Contained within today's chapters from Leviticus lies the origins of the concept we know today as scapegoat. "When Aaron finishes making atonement for the Holy of Holies, the Tent of Meeting, and the Altar," the passage explains, "he will bring up the live goat, lay both hands on the live goat's head, and confess all the iniquities of the People of Israel, all their acts of rebellion, all their sins. He will put all the sins on the goat's head and send it off into the wilderness, led out by a man standing by and ready. The goat will carry all their iniquities to an empty wasteland; the man will let him loose out there in the wilderness."

Some folks might listen to this verbiage and say, "What a strange and unusual concept for a primitive people to practice!"

I don't think the concept itself is all that strange and unusual. And I definitely don't think the practice is all that primitive. I say that because here in the United States we have a similar practice in which we engage. The only difference between the way we and the early Israelites engage in the practice is that we don't use a goat – we use our elected officials to serve as our scapegoats.

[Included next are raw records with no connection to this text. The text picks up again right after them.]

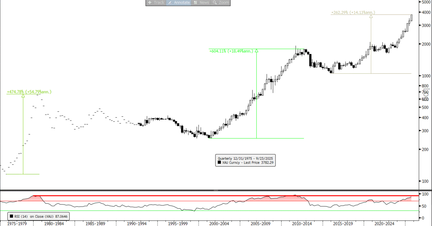 Aktualna euforia na notowaniach złota, przypomina gorączkę złota z lat ’70 XX w., gdy notowania złota od września ’76 do września ’80 wzrosły o 4,7 razy, choć skala wzrostu to też efekt niskiej bazy,
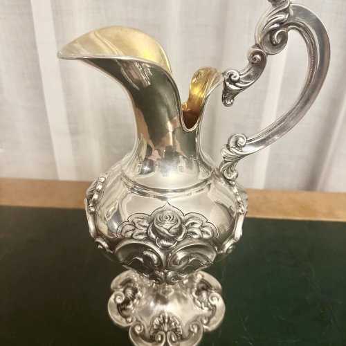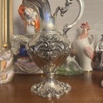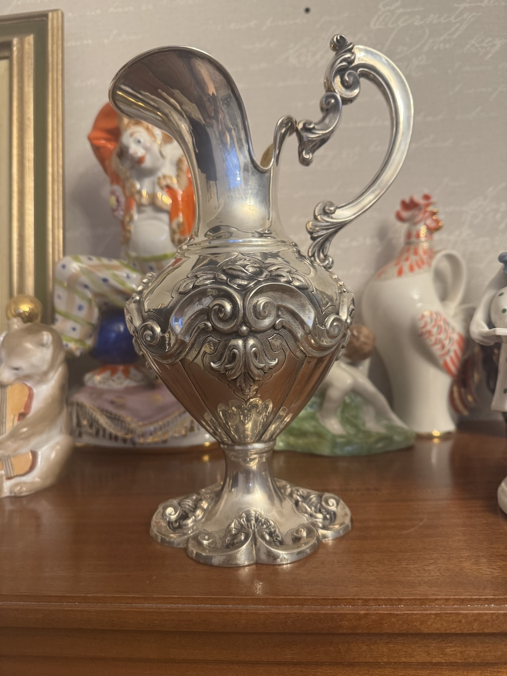 Грандиозный высокий и тяжелый серебряный кувшин для воды с позолотой внутри 830 пробы высотой 30 см, вес 654 грамма, Восхитительно декорирован ,стиль Ренессанс, ввозное клеймо Швеции, клеймо серебра и 830 пробы, первая половина XX века. Прекрасное состояние. Несомненно украсит любой праздничный стол, находка для коллекционеров и великолепный подарок.
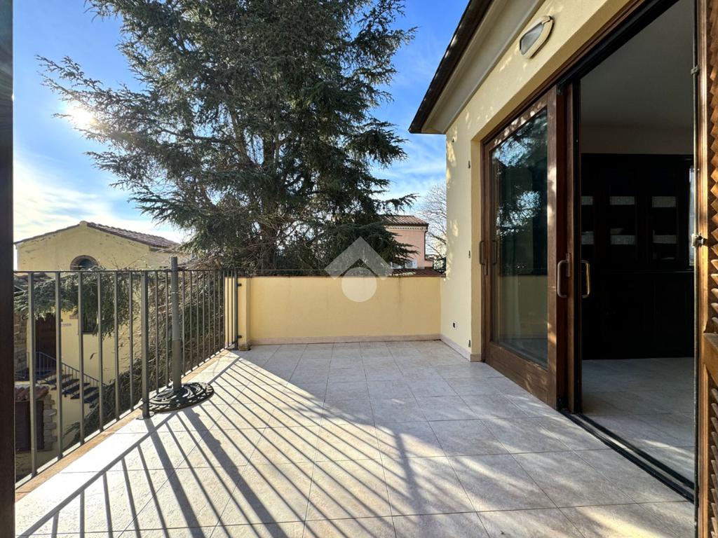 Una comoda scala esterna ci conduce al piano primo, dove la soluzione si sviluppa su unico livello.
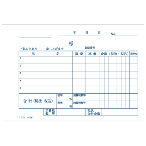 コクヨ NC複写簿(ノーカーボン)仕切書 B7ヨコ型 2枚複写 5行 50組 ウ-361 1冊
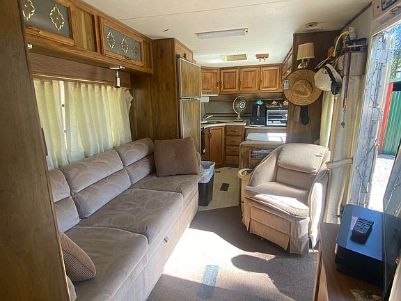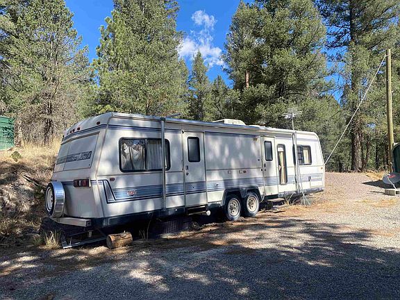 GREAT mountain get away for the snowbirds, hunters or just weekend get away's. Located on 1.874 acres with a 33FT Holiday Rambler Aluma Lite XL which sleeps four comfortably. There are two 18 X 20 carports on the property one is closed in for storage. There is a water holding tank and 18 solar panels with shed that has power source for the panels. Property has electric pole and meter on the property and has access to hookup to a water association.

Every so often, we gather in voting booths; assign blame; and then send the designated scapegoats off into the wilderness in hopes that the act will absolve us collectively of our responsibility for the problems we are facing. We hope the next batch of elected officials will meet our expectations. When they don't, we simply repeat the cycle all over again just 2 years later.

Lost in the process of sending out the goat/elected officials into the wilderness is important soul searching about the ways in which we have contributed to the problems we face.

Today, I would invite us all to examine the circumstances of our lives (and the condition of our world) and ask ourselves, "Are there situations in which I have preferred to identify a single scapegoat on which to heep the blame in order to absolve myself of all responsibility?" If you find such a situation, use that awareness as an opportunity to step in and break the cycle of blaming. See what you can do yourself to restore health and vitality to the systems in which you participate.